Extracted data entries:

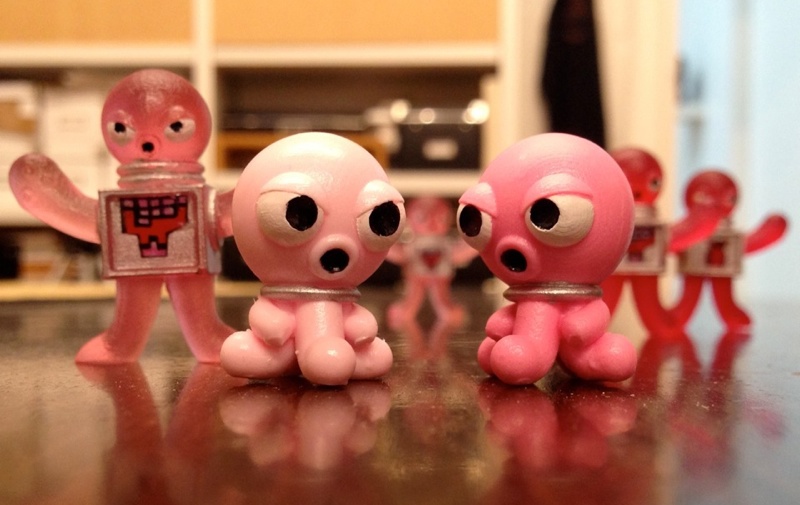 Tako-Terrians// They’re back! Originally dropping last year, the Takos return without their Cube-Suits! Cast in a pink resin with a silver highlight painted around the control collar, the chunky 1″ figure will be available online and at the Onell booth, with around 20 being made available for just $10 each.
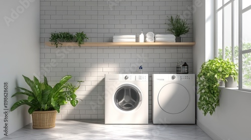 Modern laundry room, washer dryer, plants, sunlight, interior design
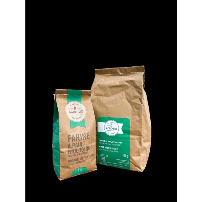 Moulue sur cylindres à Les Cèdres, cette farine blanche (Non-Blanchie) est fabriquée à partir de grains biologiques cultivés au Québec.
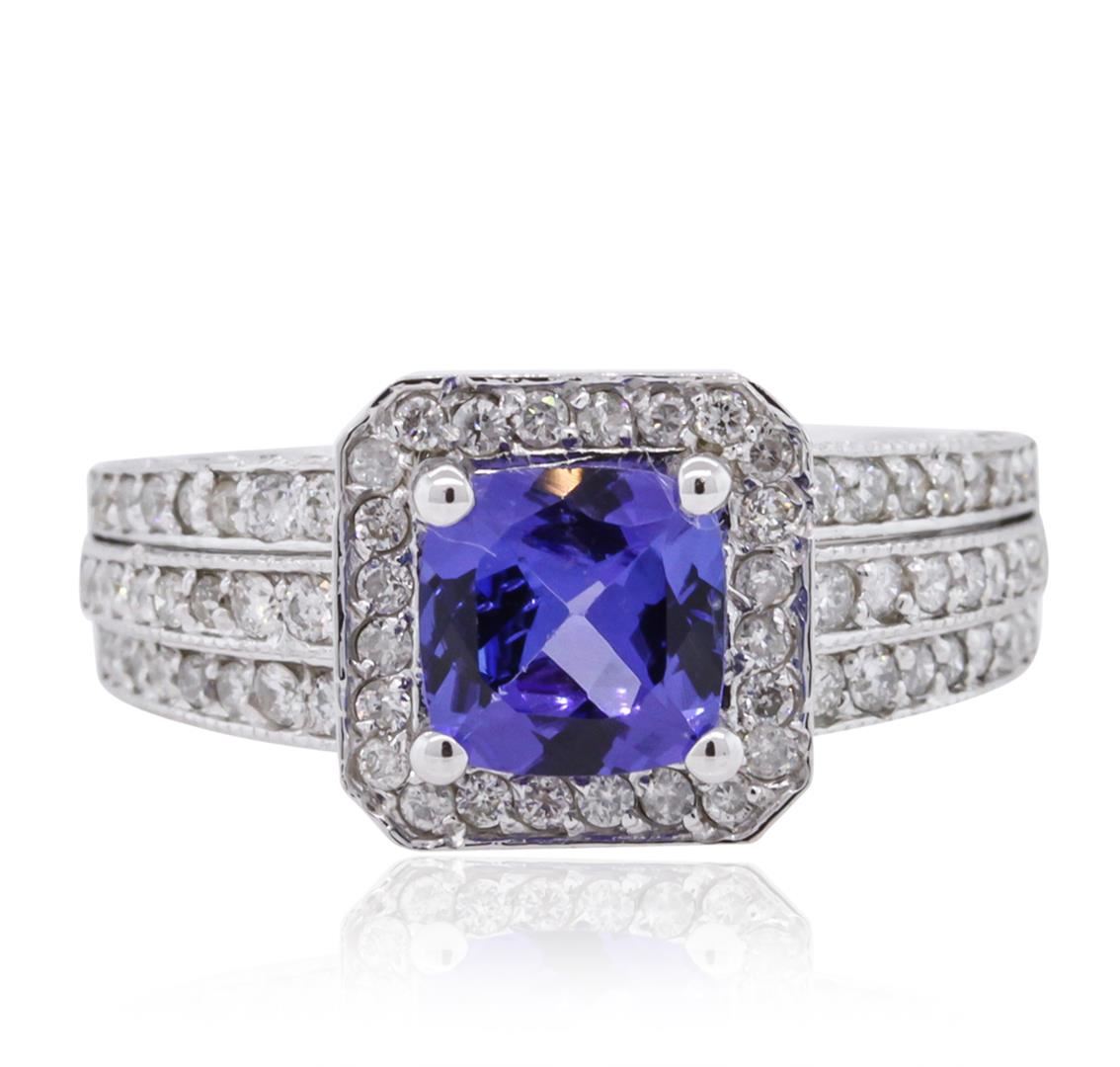 One electronically tested 14KT white gold ladies cast tanzanite and diamond ring. The featured tanzanite is set within a diamond bezel supported by a diamond set under gallery and diamond set shoulders, completed by a three and one-half millimeter wide band. Bright polish finish with milgrain detailing. Identified with markings of 14K. Condition is new, good workmanship. Containing: One prong set square cushion mixed cut natural tanzanite, measuring 6.45 x 6.50 x 3.80mm, 6% bulge factor, approximate weight of 1.33ct., clarity is eye clean, type I, medium dark, very slightly grayish, violetish blue color, (GIA vB 6/3), cut is good. Transmitting light with no distortion, transparent. Graded in the setting. Tanzanite is a very rare gemstone that is only found in the country of Tanzania. Originally discovered in 1967. Tiffany & Company, named the stone Tanzanite. It is found in the Usumburu Mountains that border the Umba Valley of northern Tanzania. Tanzanite occurs in gray, brown, violet, blue, reddish-purple, & green. The gem is interesting because of its exceptional pleochroism. Rotated in different directions a tanzanite will exhibit multiple changes of color. Tanzanite has a low tolerance to ultrasonic cleaning, and should not be cleaned using this method. One Hundred Thirty prong set round brilliant cut diamonds, measuring 1.50 - 1.20 x 0.81mm (depth est.) approximate total weight of 130 Stones = 1.27ct. Graded in the setting. Clarity: I-1 to I-3. Color: H - J. Total Weight of Colored Stones 1.33ct. Total Weight of Diamonds 1.27ct. Total Weight of Ring 5.91 grams. AIG Appraised at $6,700.00.
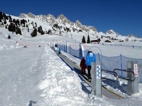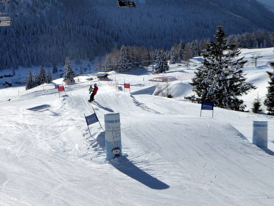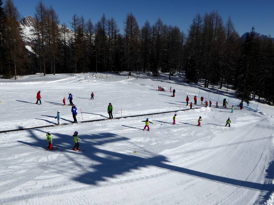 De skischool "Scuola italiana Sci e Snowboard Moena Dolomiti" runt het grote kinderland bij de Passo San Pellegrino. Twee tovertapijten en vrolijke figuren maken het leren skiën kinderspel.
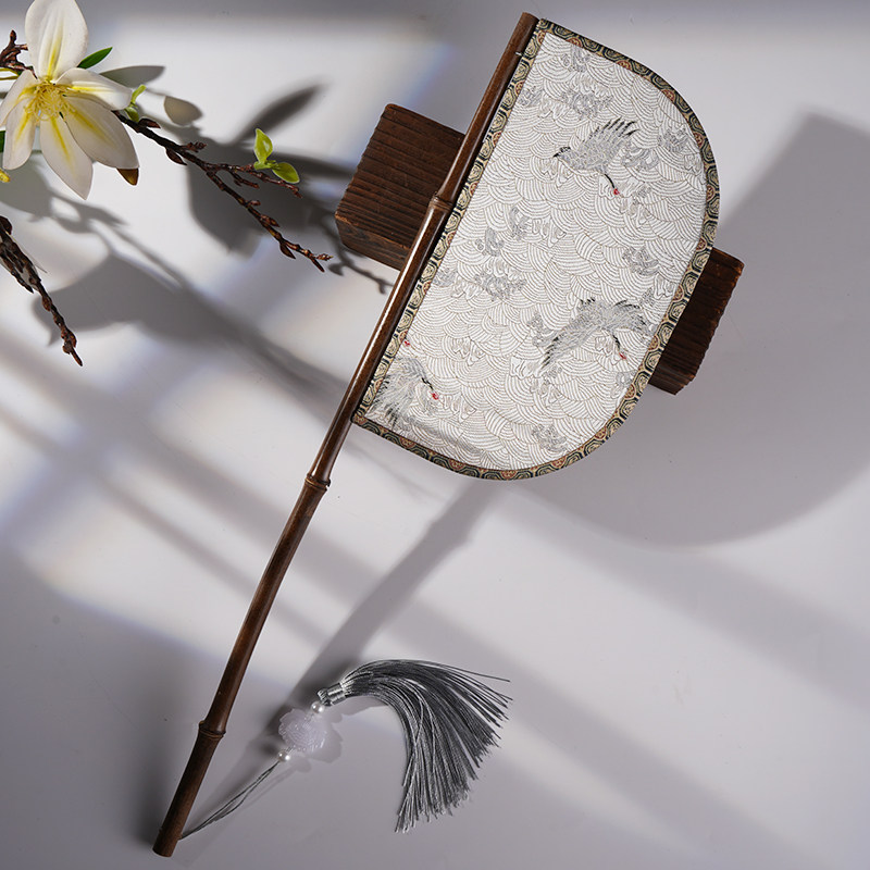 紫竹刀扇长柄异形汉服走秀拍照道具遮面仙鹤古风扇成人儿童刀把扇

EXERCISE OBJECTIVE: In the data above, find the line containing "Modern laundry room, washer" and the line containing "Moulue sur cylindres". Copy exactly the stretch from the first through the second, both included, leaving out any picture.

SOLUTION FOR THIS PROBLEM:
 Modern laundry room, washer dryer, plants, sunlight, interior design
 Moulue sur cylindres à Les Cèdres, cette farine blanche (Non-Blanchie) est fabriquée à partir de grains biologiques cultivés au Québec.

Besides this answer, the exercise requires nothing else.